‘If it Involves Money. It’ll Be on Our Platform,’ X Owner Says
Elon Musk is planning to add a variety of financial tools to the X platform, according to reports on a recent meeting Musk held with employees.
According to a report in The Verge, which cited audio it had obtained, Musk said the new features would roll out in 2024 and extend well beyond payments.
“When I say payments, I actually mean someone’s entire financial life,” Musk is reported to have said.
“If it involves money. It’ll be on our platform. Money or securities or whatever. So, it’s not just like send $20 to my friend. I’m talking about, like, you won’t need a bank account.”
Musk has said many things in his relentless drive to remake the X platform in his vision after purchasing the company in 2022 when it was known as Twitter. However, the remade company does indeed seem to be positioning itself to take the dive into digital banking.
Both The Verge and Mashable noted that X has been pursuing money transmitter licenses in the U.S.
“We want money on X to flow as freely as information and conversation,” X CEO Linda Yaccarino said in a recent blog post that was mentioned by Mashable.
“We have already secured first money transmitter licenses in several states, and we are moving toward launching a global payment system – more soon,” she wrote.
Musk also has a significant background in banking. He made part of his early fortune in 1999 by founding X.com, which eventually became PayPal. Wikipedia notes that, at the time, X.com was “one of the first federally insured online banks.”
Since then, fintech innovations in digital banking have only accelerated, laying the groundwork for the kind of super app that Musk envisions. Today, platform operators like X can use a growing variety of open banking APIs (application programming interfaces) to add many financial capabilities including payments, account and identity authorization, balance information, real-time risk assessment, investment access, and much more.

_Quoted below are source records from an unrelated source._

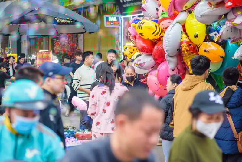 Dòng người nối dài quanh khu vực đình Quan Nhân trong ngày 27 tháng Chạp. Ảnh: Phong Nguyễn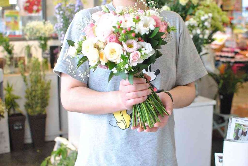 10年目の付き合った記念日ですが、夜勤で会えないので、サプライズで自分で作ったブーケを配達して欲しいと来店されました。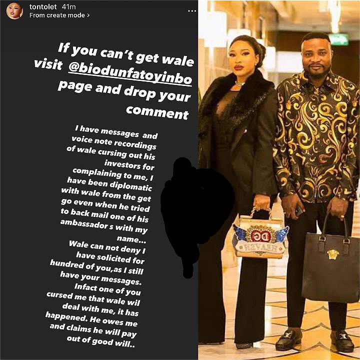 She also beckoned on those who have been sending her direct messages and death threats to stop, as she has tried her best responding to some of them. Tonto also advised anyone of the company’s victim who can’t reach Wale Jana to send his friend and pastor Biodun Fatoyinbo a message via his Instagram page.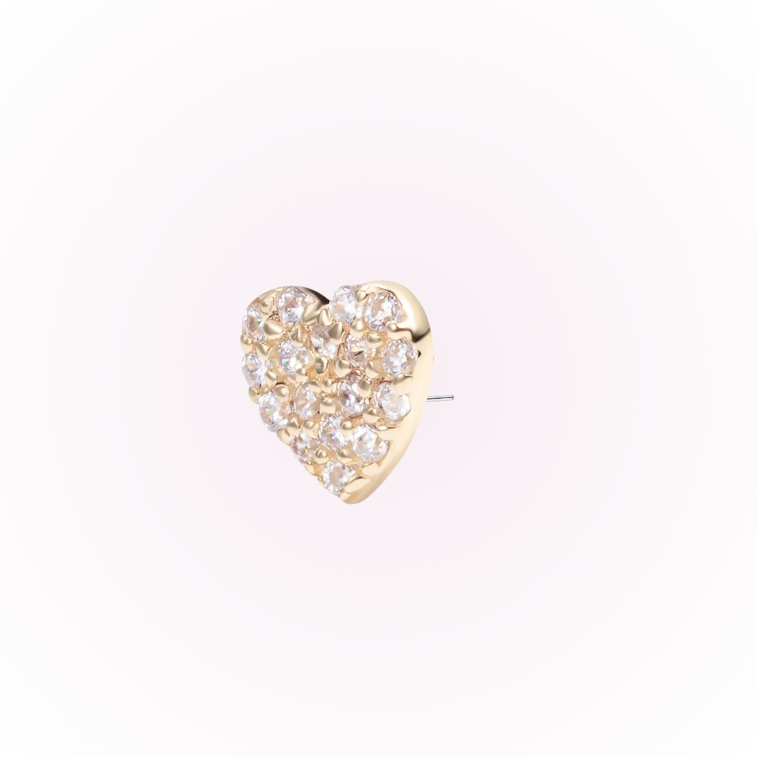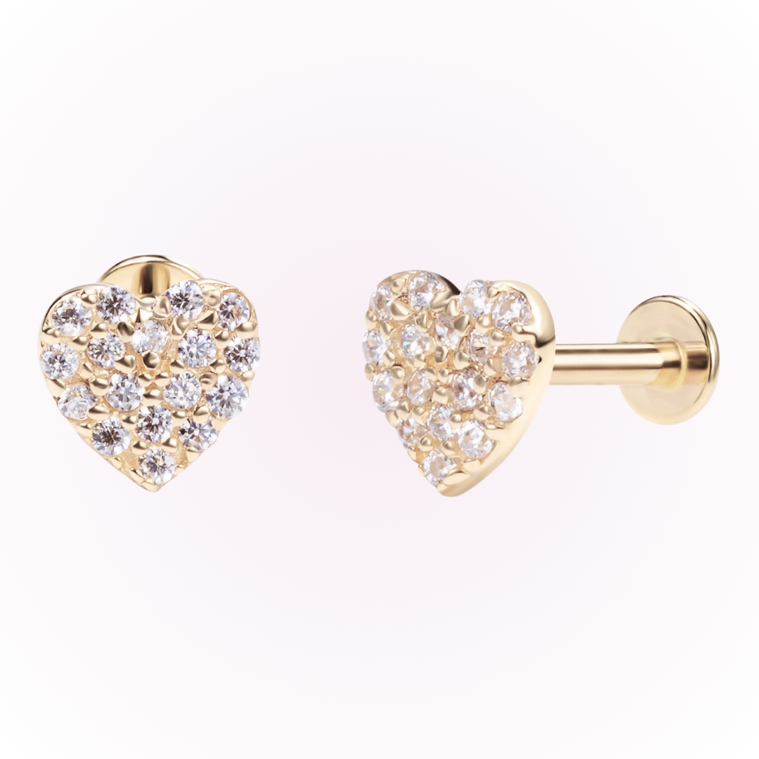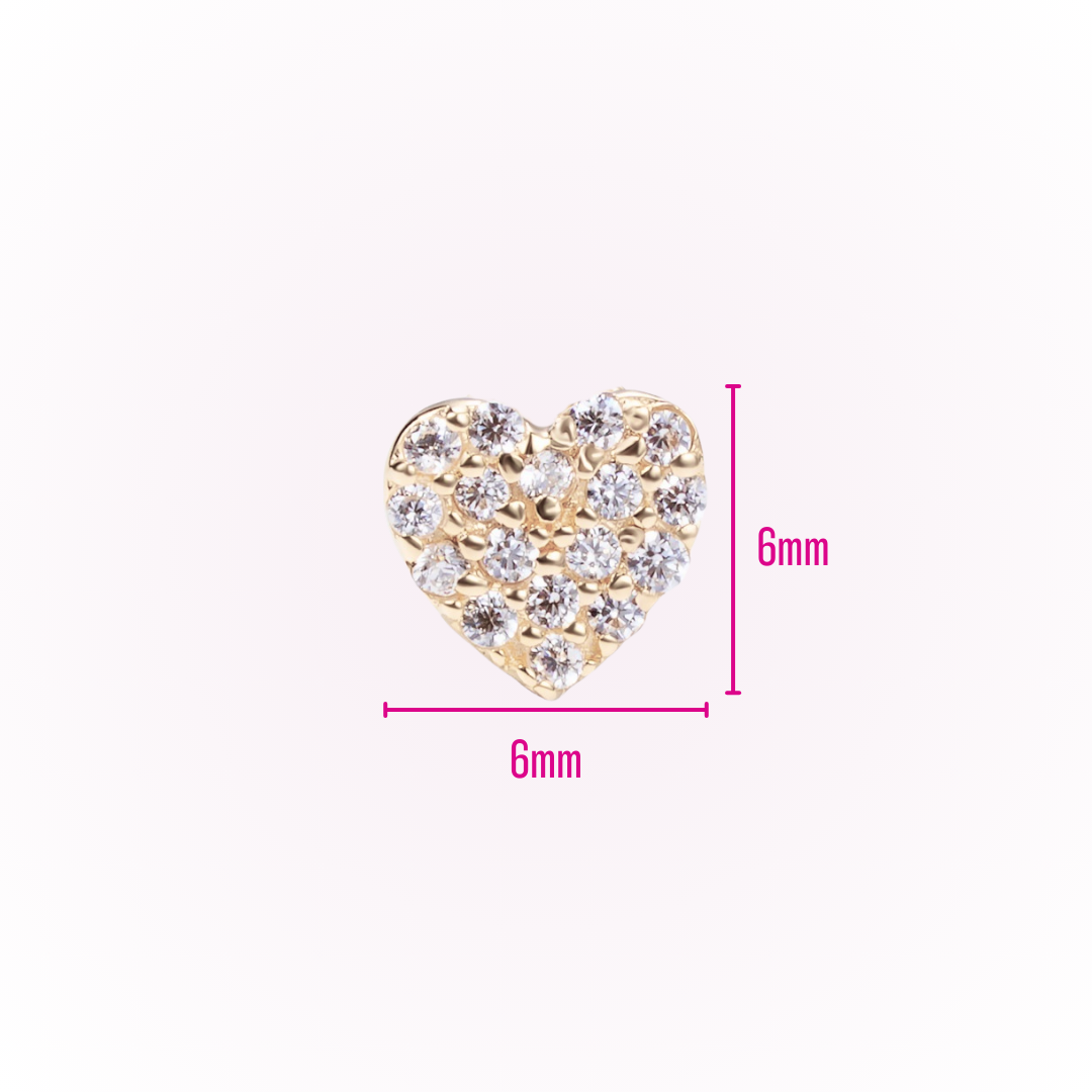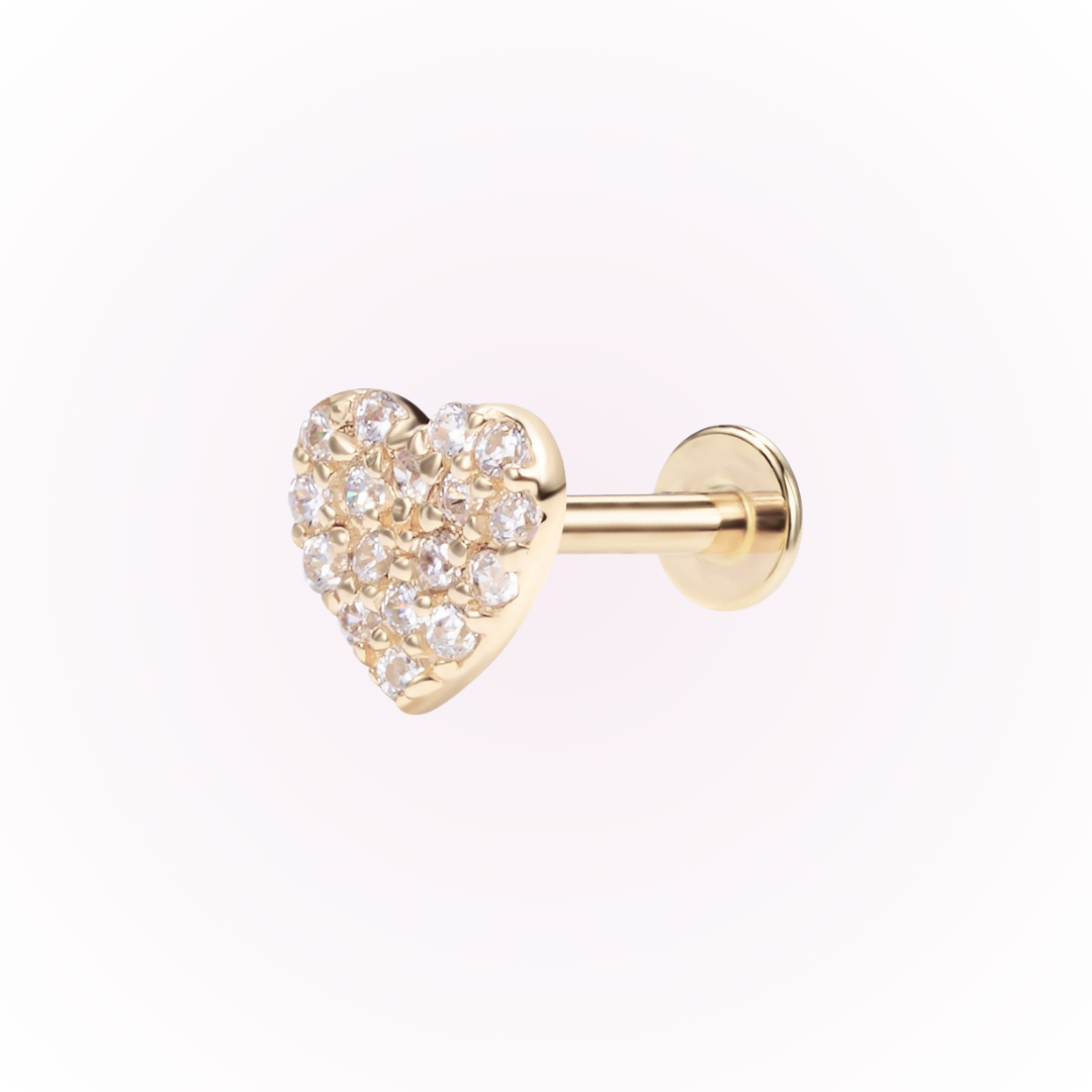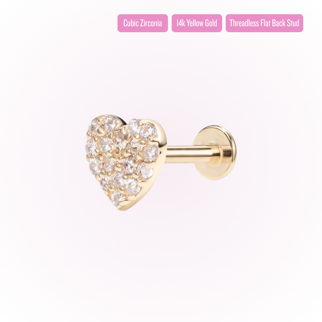 El pendiente «Love» luce un delicado diseño de corazón, engastado con brillantes circonitas cúbicas pavé, creando un look elegante y atemporal. Elaborado en oro amarillo macizo de 14k, este pendiente de botón plano sin rosca es perfecto para añadir un toque romántico a cualquier piercing.

Some licensed banks specialize in partnering with fintechs to create digital financial products that offer bank functions. They can also provide the licenses required for some of those digital products, such as loans or insured deposits. Other banks have created their own specialized digital apps to compete online and beyond their geographical footprint.
X would also benefit from its scale. Prior to Musk’s purchase of the company – for $44 billion with $13 billion in loans from a variety of banks – the company had 259 million users by last November, according to a Reuters report this past summer. In Q2 2022 (prior to Musk’s purchase), Twitter reported in one of its last quarterly financial reports that it had 41.5 million “monetizable daily active usage” in the U.S. and 237.8 million worldwide. If X could turn a fraction of that base into mobile payments users, it could unlock significant revenue. In fact, X has already started to charge some users $1 to use the service.
Also, it nearly goes without saying that, after PayPal, Musk started and built one of the world’s most innovative car companies in Tesla and one of its most advanced rocket companies in SpaceX. If anyone has what it takes to turn the company formerly known as Twitter into a fintech, it would seem to be Musk.
That doesn’t mean there aren’t headwinds for X.
The company has shrunk since Musk’s chaotic takeover, according to Musk’s own public statements and a variety of reports, including this roundup by Bloomberg. Daily users on X were down 13 percent in September, year-over-year, according to the report. X’s top five advertisers reported they’re spending 67 percent less on advertising. And that $13 billion in debt is on X’s books, as reported in detail by Yahoo! Finance.
“Twitter pre-Musk was rated junk, despite carrying significantly less debt than it does now,” the Wall Street Journal noted last month.
That debt could slow Musk down by drawing scrutiny from regulators. The Journal noted that the banks that lent Musk those billions still retain the debt on their balance sheets. And as X has lost value, so has the debt.
“Big hung deals don’t sit well with regulators, who have been making more diligent checks on banks’ financial footing following the failures of Silicon Valley Bank and others earlier this year,” the Wall Street Journal stated.
“The longer the banks hold X’s debt, the greater the scrutiny is likely to be from regulators, who penalize lenders for having direct credit exposure to junk-rated companies.”